From the records below, print only the part that opens with the line containing "ok. 70 nowych" and closes with the line containing "七夕の日の講座☆☆折り紙を切"; omit the pictures.

____

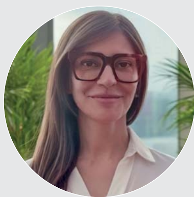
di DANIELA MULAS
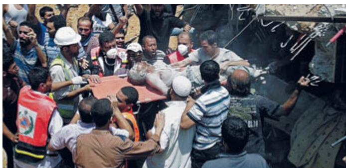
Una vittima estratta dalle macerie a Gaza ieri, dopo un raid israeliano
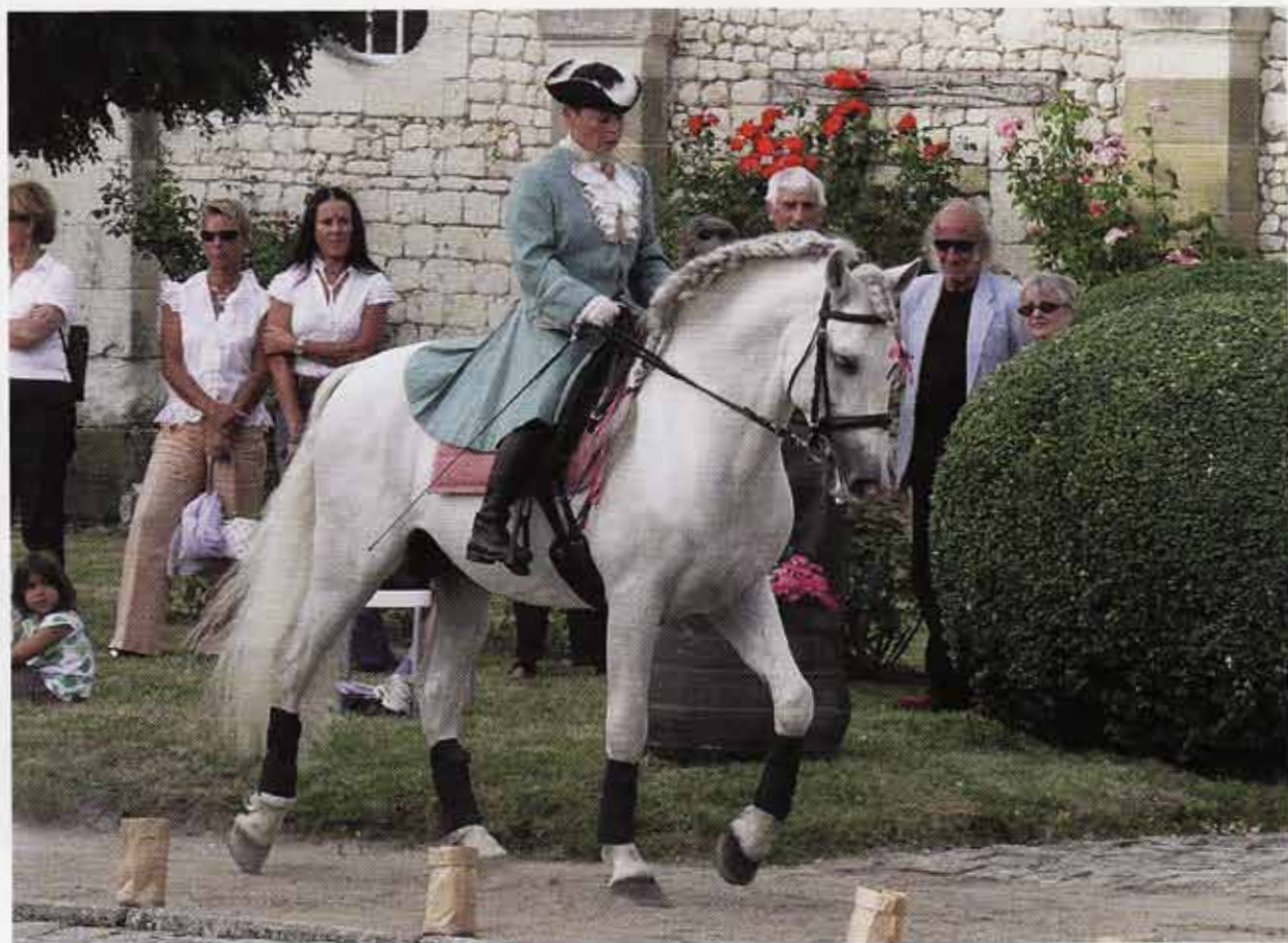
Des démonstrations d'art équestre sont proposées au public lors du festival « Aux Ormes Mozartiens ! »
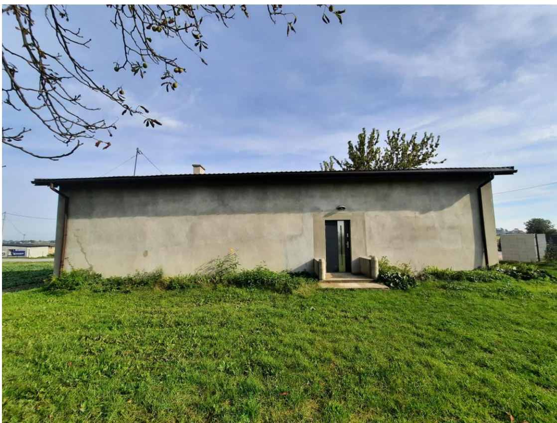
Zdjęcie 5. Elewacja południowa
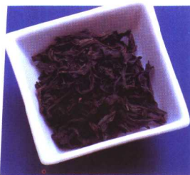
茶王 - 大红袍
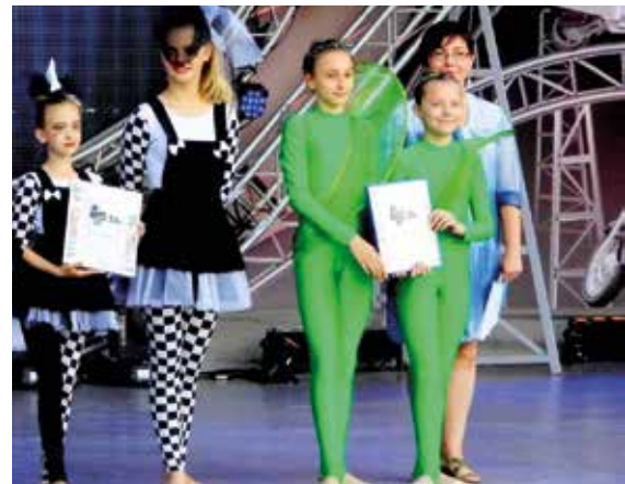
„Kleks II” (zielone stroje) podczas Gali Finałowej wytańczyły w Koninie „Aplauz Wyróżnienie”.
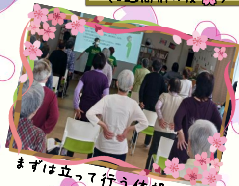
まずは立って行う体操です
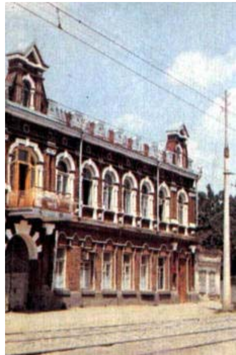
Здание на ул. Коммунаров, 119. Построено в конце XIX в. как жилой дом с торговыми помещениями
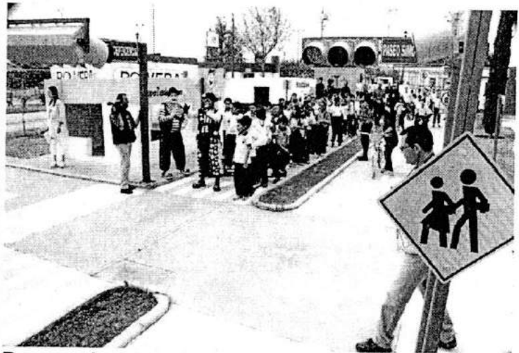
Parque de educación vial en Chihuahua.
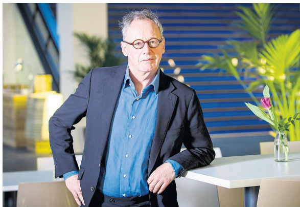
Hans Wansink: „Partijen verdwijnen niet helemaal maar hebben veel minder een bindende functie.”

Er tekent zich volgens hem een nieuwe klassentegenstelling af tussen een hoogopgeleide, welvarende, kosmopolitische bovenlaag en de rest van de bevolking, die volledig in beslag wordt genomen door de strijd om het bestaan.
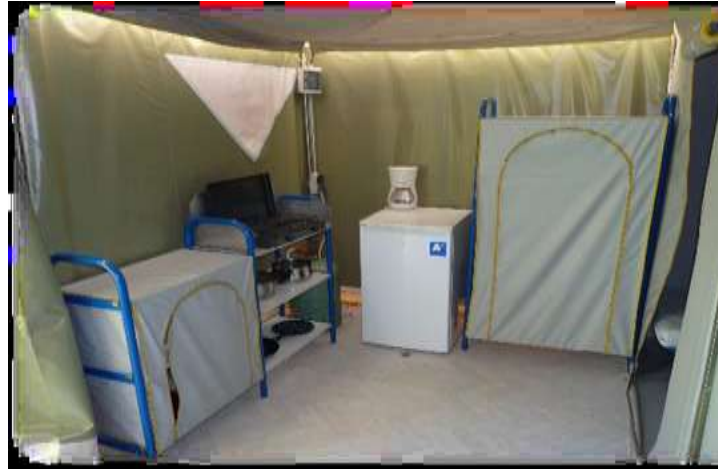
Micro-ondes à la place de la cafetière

____

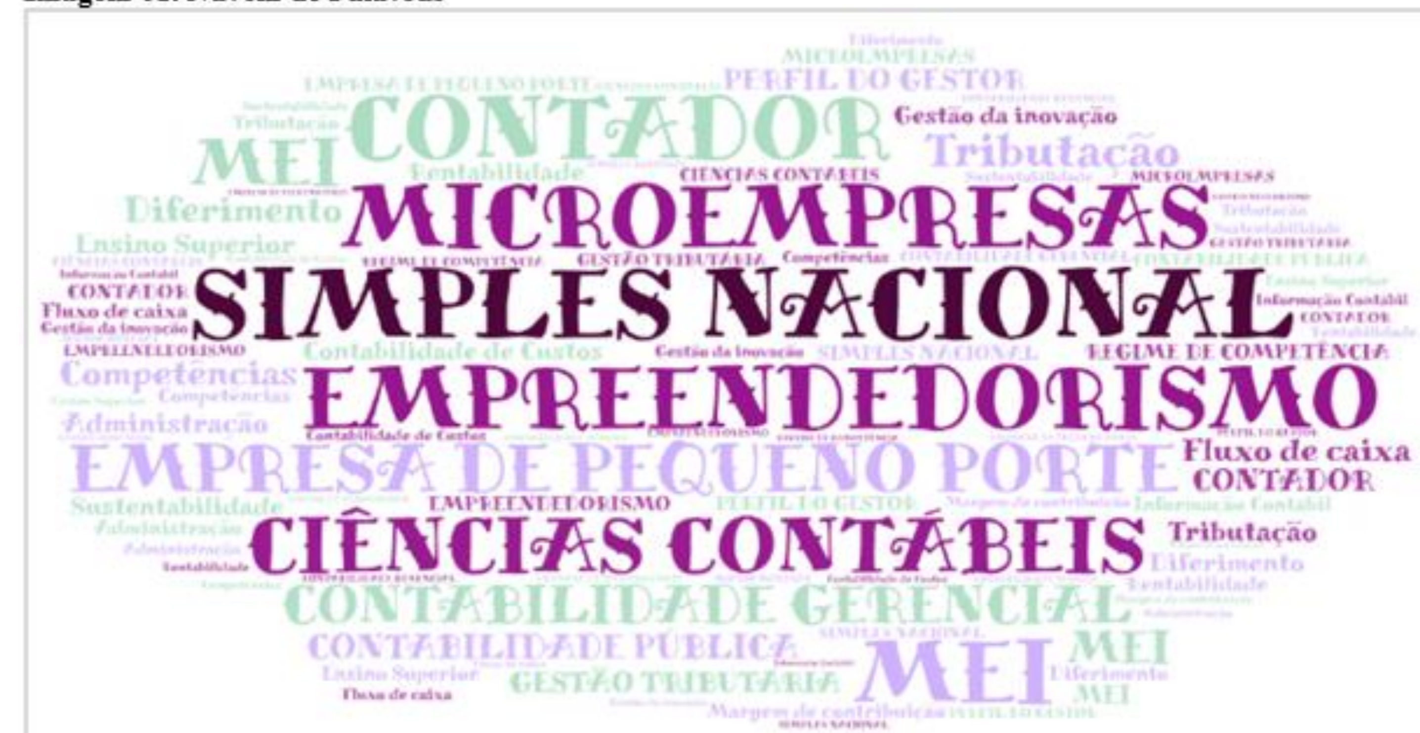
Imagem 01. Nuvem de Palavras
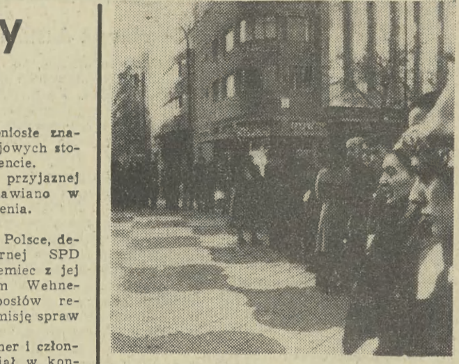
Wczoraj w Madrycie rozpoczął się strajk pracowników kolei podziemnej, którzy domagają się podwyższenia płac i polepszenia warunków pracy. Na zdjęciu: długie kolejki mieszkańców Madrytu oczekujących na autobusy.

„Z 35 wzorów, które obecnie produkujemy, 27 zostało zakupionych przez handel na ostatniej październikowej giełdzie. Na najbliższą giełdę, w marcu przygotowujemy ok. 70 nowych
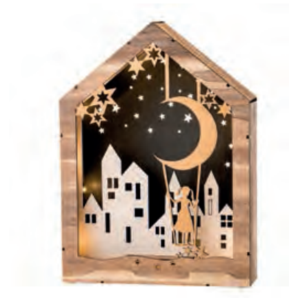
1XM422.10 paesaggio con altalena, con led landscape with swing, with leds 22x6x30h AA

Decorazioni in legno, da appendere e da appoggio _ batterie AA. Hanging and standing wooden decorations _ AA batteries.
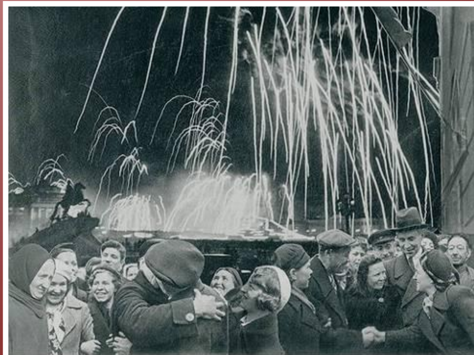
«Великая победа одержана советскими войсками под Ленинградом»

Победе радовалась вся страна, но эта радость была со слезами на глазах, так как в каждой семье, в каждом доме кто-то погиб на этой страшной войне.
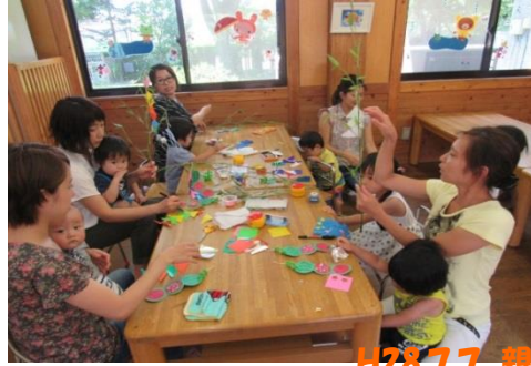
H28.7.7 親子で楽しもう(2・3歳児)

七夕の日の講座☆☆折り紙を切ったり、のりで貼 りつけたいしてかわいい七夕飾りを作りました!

____

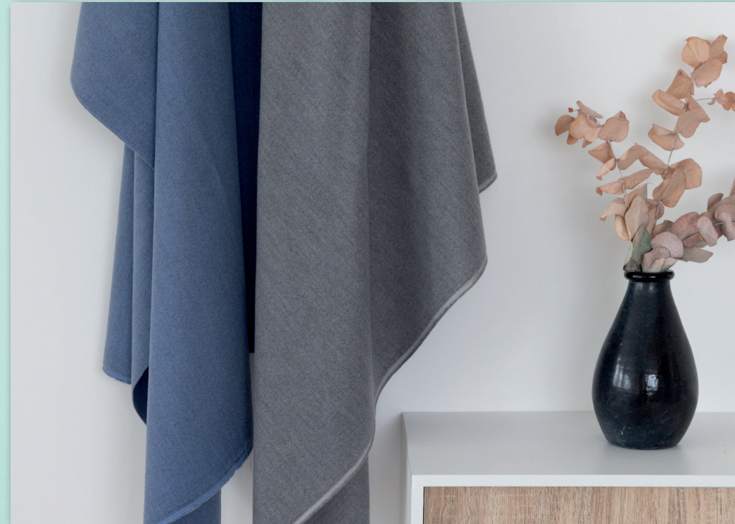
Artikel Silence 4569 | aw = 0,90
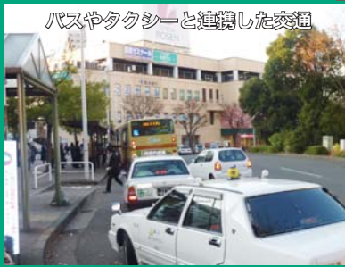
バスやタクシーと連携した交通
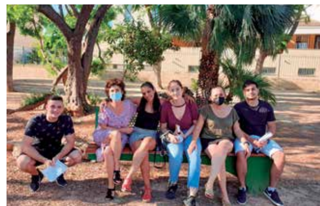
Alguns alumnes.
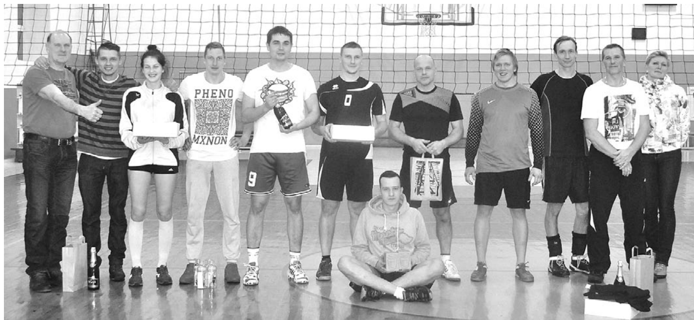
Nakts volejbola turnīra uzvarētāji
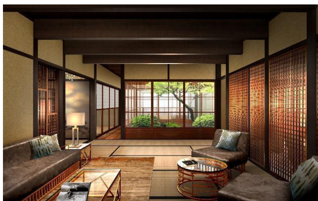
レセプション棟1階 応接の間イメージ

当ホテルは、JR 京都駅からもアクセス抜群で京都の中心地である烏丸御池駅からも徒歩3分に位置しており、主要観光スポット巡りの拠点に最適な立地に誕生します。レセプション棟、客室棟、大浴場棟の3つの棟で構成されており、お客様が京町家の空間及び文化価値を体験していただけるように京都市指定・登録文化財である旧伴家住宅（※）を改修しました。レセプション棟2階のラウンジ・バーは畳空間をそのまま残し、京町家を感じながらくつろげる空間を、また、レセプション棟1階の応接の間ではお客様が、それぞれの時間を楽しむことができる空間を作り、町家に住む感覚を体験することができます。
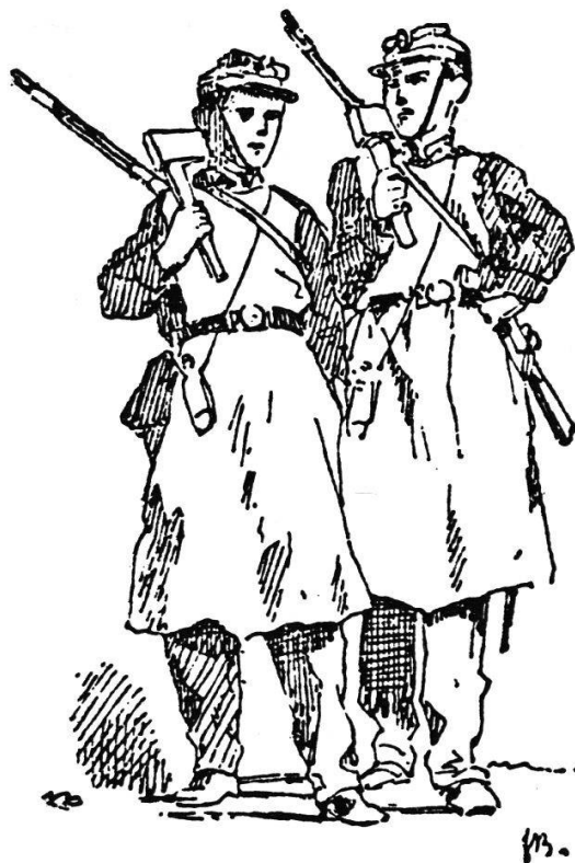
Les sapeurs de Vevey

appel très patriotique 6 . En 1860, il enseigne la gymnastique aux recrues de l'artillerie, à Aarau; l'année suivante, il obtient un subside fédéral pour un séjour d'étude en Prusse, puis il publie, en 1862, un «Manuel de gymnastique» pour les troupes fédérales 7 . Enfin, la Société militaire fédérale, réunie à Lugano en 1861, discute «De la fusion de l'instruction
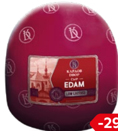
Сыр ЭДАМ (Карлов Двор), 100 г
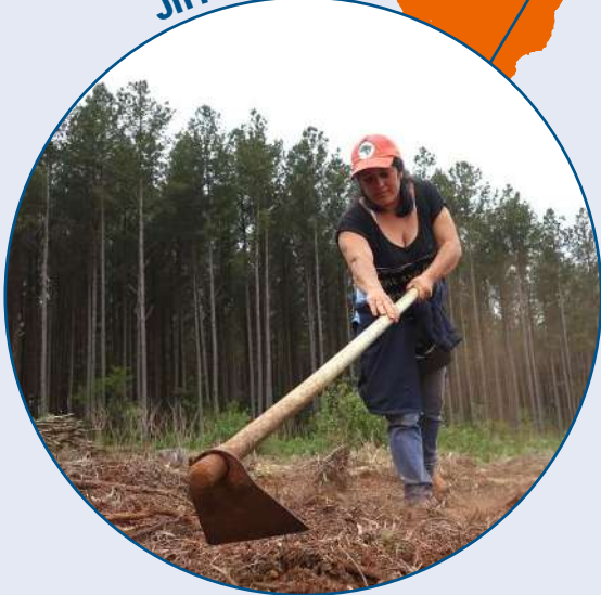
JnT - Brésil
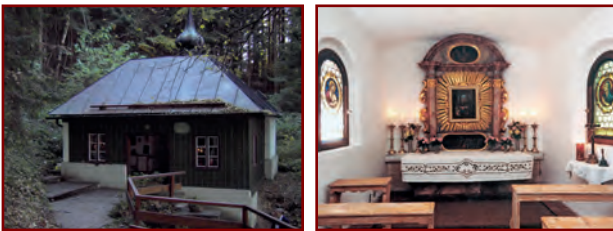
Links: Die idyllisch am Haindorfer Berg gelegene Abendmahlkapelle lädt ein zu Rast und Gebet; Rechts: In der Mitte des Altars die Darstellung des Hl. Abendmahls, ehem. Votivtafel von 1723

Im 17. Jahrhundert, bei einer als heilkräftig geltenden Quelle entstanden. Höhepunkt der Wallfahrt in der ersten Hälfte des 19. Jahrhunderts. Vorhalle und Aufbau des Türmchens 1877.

____

> [Answer]
„Z 35 wzorów, które obecnie produkujemy, 27 zostało zakupionych przez handel na ostatniej październikowej giełdzie. Na najbliższą giełdę, w marcu przygotowujemy ok. 70 nowych
1XM422.10 paesaggio con altalena, con led landscape with swing, with leds 22x6x30h AA

Decorazioni in legno, da appendere e da appoggio _ batterie AA. Hanging and standing wooden decorations _ AA batteries.
«Великая победа одержана советскими войсками под Ленинградом»

Победе радовалась вся страна, но эта радость была со слезами на глазах, так как в каждой семье, в каждом доме кто-то погиб на этой страшной войне.
H28.7.7 親子で楽しもう(2・3歳児)

七夕の日の講座☆☆折り紙を切ったり、のりで貼 りつけたいしてかわいい七夕飾りを作りました!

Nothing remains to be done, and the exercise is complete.